My first boat was under construction when I reported in. In fact, it didn't even have a name when I got my orders - I was to report to Commanding Officer, PCU SSN 717. By the time I rang my sponsor a few days later, though, he was able to tell me that I would be serving on USS Olympia. (My reaction: "Just what I wanted. A boat named after a can of beer....")

Oly was built at Newport News Shipbuilding & Dry Dock Company (now Northrop Grumman Newport News). Being on a new-construction boat had its good and bad sides. To begin with, it made qualifying interesting - "Okay, that component is going to be right here, and this component will be over there." Or, "Picture, if you will, a valve right here." It also meant going places where most people wouldn't be able to go on a normal boat; all four hatches were choked with ventilation ducts, power cords, air lines, &c, so access to the boat was through either a hull cut over the CO's stateroom (a ladder right where his desk would eventually be), a hull cut over the Nucleonics lab, or a hull cut over the reactor compartment (a ladder leading down to the top of the reactor vessel). On the other hand, I'd just finished nine months of schools designed to teach me how to operate, troubleshoot and repair equipment that wouldn't even be on the boat until several months after I got there*, so I managed to forget quite a bit.

NNSB&DDCo didn't just build boats; they repaired them, too. This meant that there were a lot of techs on shipyard payroll, and their duties included installing and testing the equipment. As I was an HF tech, I dealt with the shipyard's Great God of HF (whose name, of course, I have totally forgotten in the intervening 23 years). He came down to the boat one day to do a little testing of some sort. Unfortunately, I was off the boat at the time, so I missed all the fun....

At the aft end of the shack was a fuse panel. It was labeled as holding six fuses, but as this was three-phase power, there were actually six sets of three, with each set holding one fuse for each phase. These fuses are nothing like the fuses you have in your house, mind you; each one was around four inches long, and close to a half-inch thick. Due to the current they carried, we radiomen weren't even allowed to touch them - we had to call an electrician's mate forward from nukeland to pull or replace them for us, and he had to take all sorts of precautions when doing so.

I returned to the boat that day to find that the Great God of HF had decided that he needed to secure power to something, and had started to pull the fuses himself. (Great Gods, of course, do not need the assistance of mere electrician's mates - right?) Whilst pulling one fuse, though, he'd accidentally turned it slightly so it made contact with the neighbouring fuses - thus shorting across the phases. I recall being told that A Gang had been snorkeling at the time, but the resulting power surge caused the diesel to shut down.
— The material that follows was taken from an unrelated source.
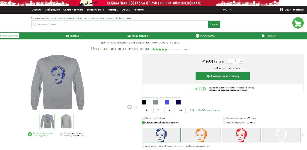 Украинских политиков "Страна" отыскала на отечественных сайтах. К примеру, свитшот с Юлией Тимошенко можно заказать за 690 гривен. Есть различные цвета, а также можно выбрать цвет самого портрета.
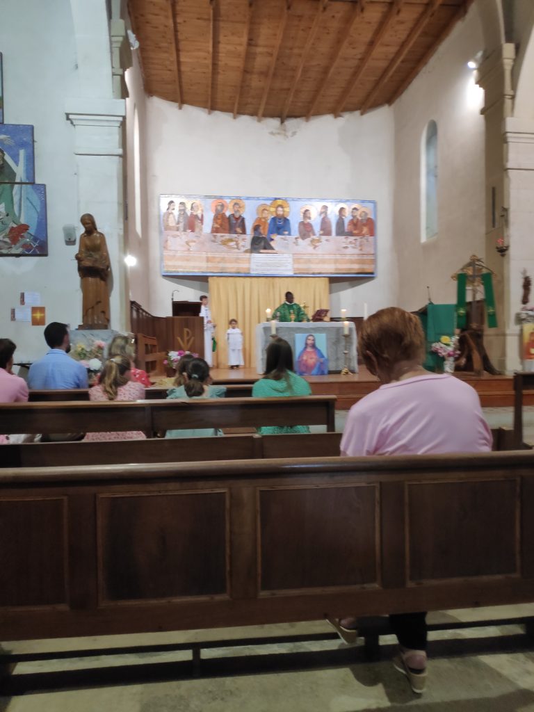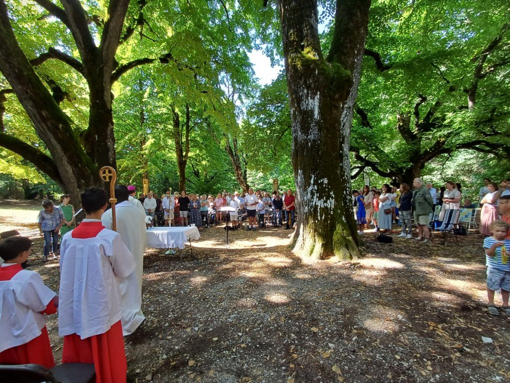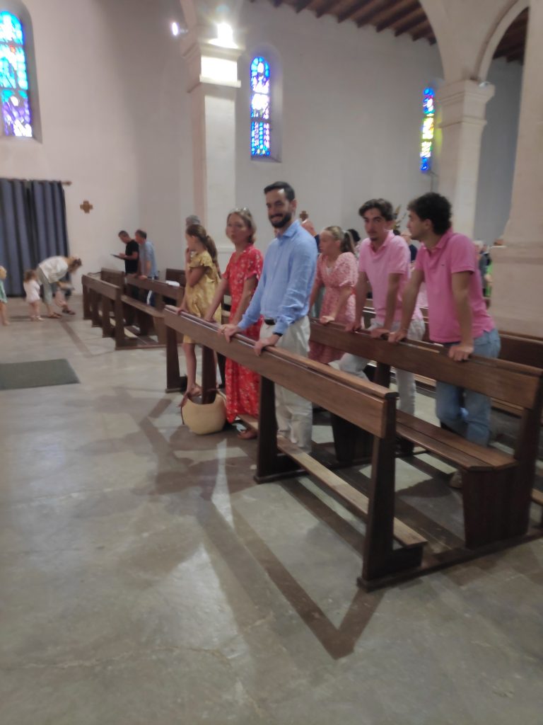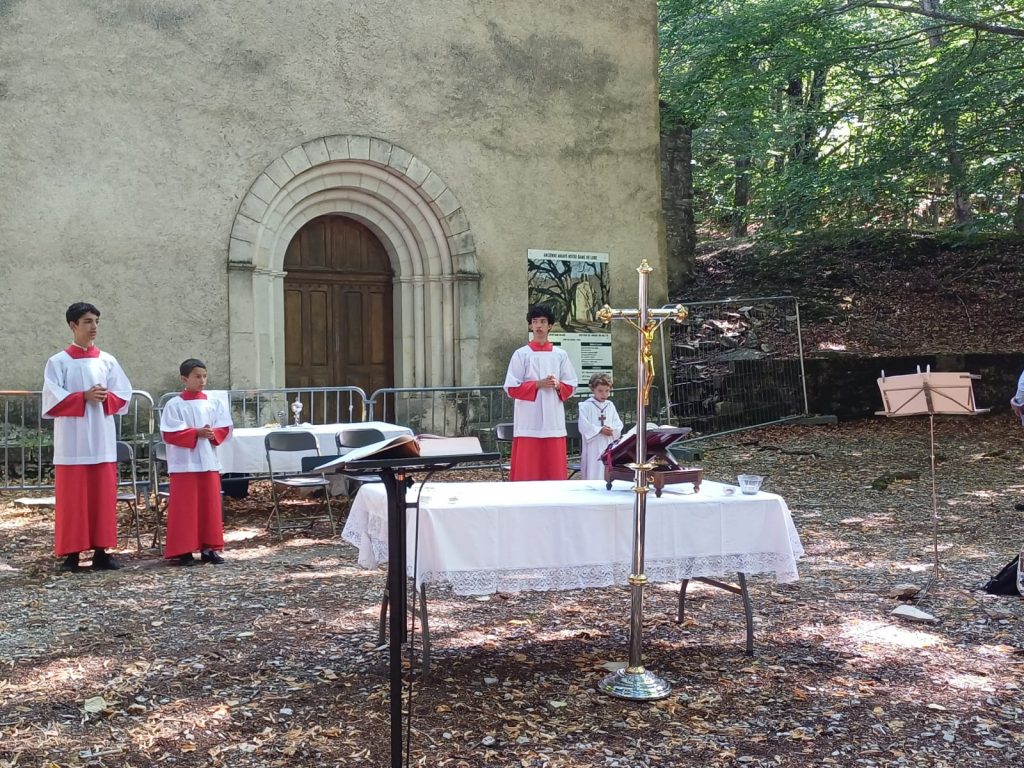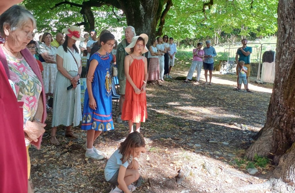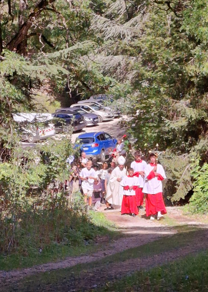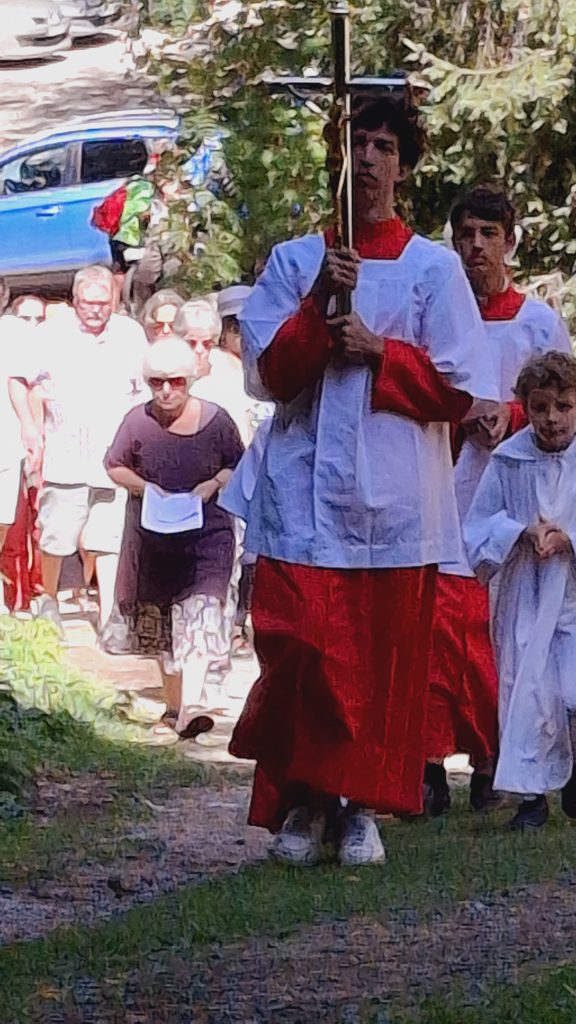 Procession qui est partie de l’église Haute jusqu’à la place du village où la messe sera célébrée.

This caused plenty of excitement, of course. The Great God of HF explained what had happened, and there didn't seem to be any permanent damage. Someone did ask a potentially embarassing question, though: What had happened to the Great God's fusepullers? Had he been using proper fusepullers? Of course, he said. So where were they? Well, he said, naturally he had been startled by the arcing and sparking and had jerked his hand back from the fuse panel; the fusepullers must have flown out of his hand and - ah - gone outboard?** There were a few dubious looks, but no-one called him on it.

And life went on, and life was good.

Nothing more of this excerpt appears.